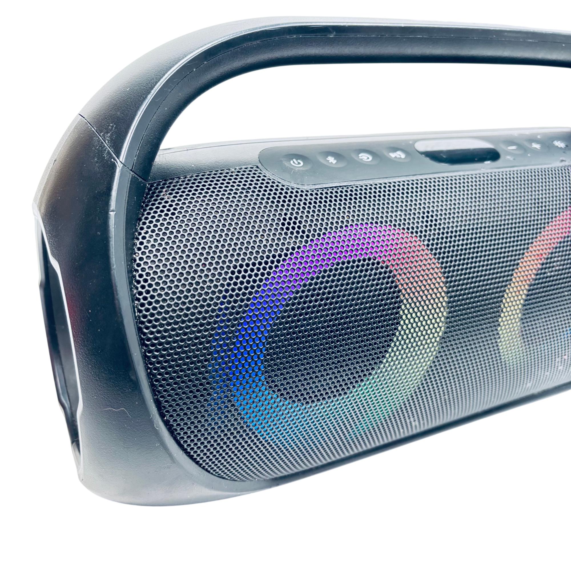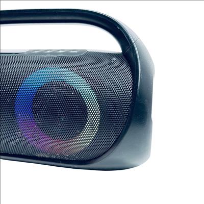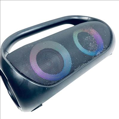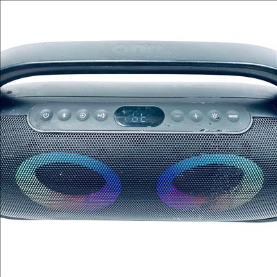 Onn Model 100097809 Portable Bluetooth Boombox Speaker with LED Lighting delivers powerful sound and vibrant multicolor LED effects for an enhanced audio experience. This portable speaker features Bluetooth connectivity and a built-in FM radio, making it versatile for indoor or outdoor use. Designed with a sleek black finish accented by a colorful circular LED pattern, it combines style with functionality.
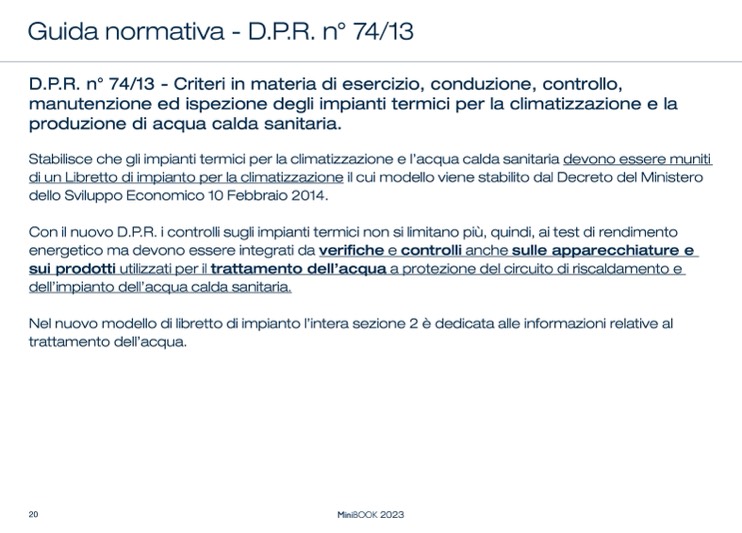 D.P.R. n° 74/13 - Criteri in materia di esercizio, conduzione, controllo,
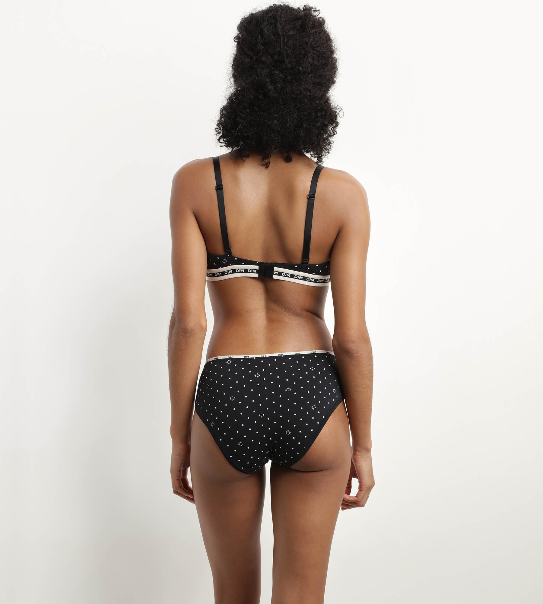 Adoptez le look pin-up avec brio grâce à notre culotte noire Dim Icons Essentiel au corps en coton modal recouvert de pois et logos Dim contrastés, très trendy ! Construite avec des bords plats et avec une bande de maintien non marquée, votre culotte coton est absolument confortable !
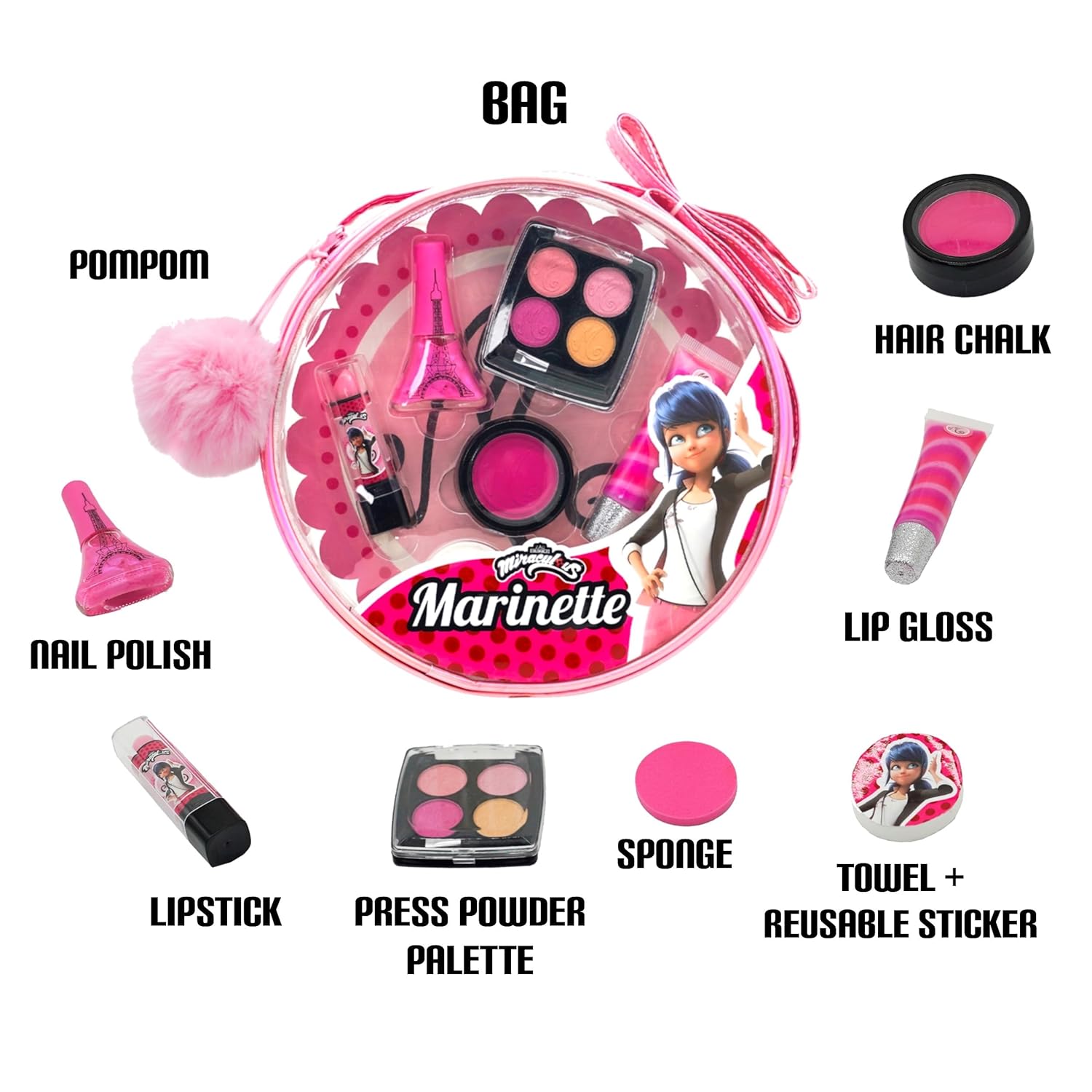 - Transform into Marinette: Experience the enchantment of "Miraculous: Tales of Ladybug and Cat Noir" with this 10-piece kids' makeup set. Designed to bring out the Marinette in every child, this set inspires creativity and imaginative play, allowing young fans to embrace their favorite character's vibrant spirit.

* [BRIEF]: Print the material in full and exactly; the pictures must not be printed.

* [ANSWER TO THE EXERCISE]:
 Onn Model 100097809 Portable Bluetooth Boombox Speaker with LED Lighting delivers powerful sound and vibrant multicolor LED effects for an enhanced audio experience. This portable speaker features Bluetooth connectivity and a built-in FM radio, making it versatile for indoor or outdoor use. Designed with a sleek black finish accented by a colorful circular LED pattern, it combines style with functionality.
 D.P.R. n° 74/13 - Criteri in materia di esercizio, conduzione, controllo,
 Adoptez le look pin-up avec brio grâce à notre culotte noire Dim Icons Essentiel au corps en coton modal recouvert de pois et logos Dim contrastés, très trendy ! Construite avec des bords plats et avec une bande de maintien non marquée, votre culotte coton est absolument confortable !
 - Transform into Marinette: Experience the enchantment of "Miraculous: Tales of Ladybug and Cat Noir" with this 10-piece kids' makeup set. Designed to bring out the Marinette in every child, this set inspires creativity and imaginative play, allowing young fans to embrace their favorite character's vibrant spirit.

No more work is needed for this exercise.